For $f, g \in L^2[0,1]$, we define

\[\langle f, g \rangle_{L^2[0,1]} = \int_{0}^{1} f(x)g(x)dx\]

Clearly, $\langle .,. \rangle_{L^2[0,1]}$ is symmetric. We also notice that

\[\langle f, f \rangle_{L^2[0,1]} = \int_{0}^{1} f^2(x)dx = ||f||^2_{L^2[0,1]} \geq 0\]

Lastly, we also have that $\forall \alpha, \beta \in \mathbb{R}$ and $f, g, h \in L^2[0,1]$,

\[\begin{align*} \langle \alpha f + \beta g, h \rangle_{L^2[0,1]} &= \int_{0}^{1} \left[ \alpha f(x) + \beta g(x) \right] h(x) dx\\ &= \alpha \int_{0}^{1} f(x) h(x) dx + \beta \int_{0}^{1} g(x)h(x) dx \\ &= \alpha \langle f, h \rangle_{L^2[0,1]} + \beta \langle g, h \rangle_{L^2[0,1]} \end{align*}\]

This shows that $L^2[0,1]$ is indeed an inner-product space. Now let $\left( f_n\right)_{n=1}^{\infty}$ be a Cauchy sequence in $L^2[0,1]$. This means that, in the function space norm,

\[\lim_{n \to \infty} ||f_n - f||^2 = \lim_{n\to\infty}\left( \int_{0}^{1} (f_n - f)^2\right) = 0\]

for some $f \in L^2[0,1]$. Instead of proving this directly, we indireclty show that this space is isomorphic to $l^2(\mathbb{N})$, the space of all square summable sequences, which is known to be complete.

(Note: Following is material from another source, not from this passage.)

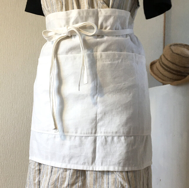「肩ヒモを細くしたバッククロス・エプロン」「キャミソールワンピース ナチュラルホワイト コットンリネン」と同じ布地、ナチュラルホワイト コットンリネン。

Let $(\phi_j)_{j=1}^{\infty}$ be an orthonormal basis for $L^2[0,1]$. That is, the basis satisfies the property that

\[||\phi_j||_{L^2[0,1]} = 1 \forall j \in \mathbb{N} \text{ and } \langle \phi_i, \phi_j \rangle = 0 \text{ for all } i \neq j\]

Every $f \in L^2[0,1]$ can be represented as $f = \sum a_j\phi_j$ for some coefficients $(a_j)_{j}^{\infty}$ with $a_j = \langle f, \phi_j\rangle$. By Parseval’s theorem (Wainwright, 2019) ,

\[|| f||^2_{L^2[0,1]} = \sum_{j=1}^{\infty}a_j^2\]

which shows that $f \in L^2[0,1] \iff (a_j)_{j=1}^{\infty} \in l^2(\mathbb{N})$. It is due to this isomorphism that we can conclude that $L^2[0,1]$ is also complete.

How large is the class of RKHS’s?

Wainwright, 2019 demonstrates two viewpoints through which we can think about RKHS’s. One, and slightly more intuitive way, is to start with any positive semi-definite (PSD) kernel $k: \mathbb{R}^n \times \mathbb{R}^n \to \mathbb{R}$ and construct a Hilbert space of functions that satisifes the property that for all $x \in \mathbb{R}^n$ and $\forall f \in L^2[0,1]$

\[f(x) = \langle f, k(.,x) \rangle_{L^2[0,1]}\]

This is known as the kernel reproducing property alluding to the fact that the kernel $k$ completely determines the space and function evaluations reduce to inner product computations. Instead of constructing a RKHS from a kernel, we will characterize this class of functions in terms of evaluation functionals. Perhaps this is not intuitive, but in my opinion, it provides a richer mathematical understanding.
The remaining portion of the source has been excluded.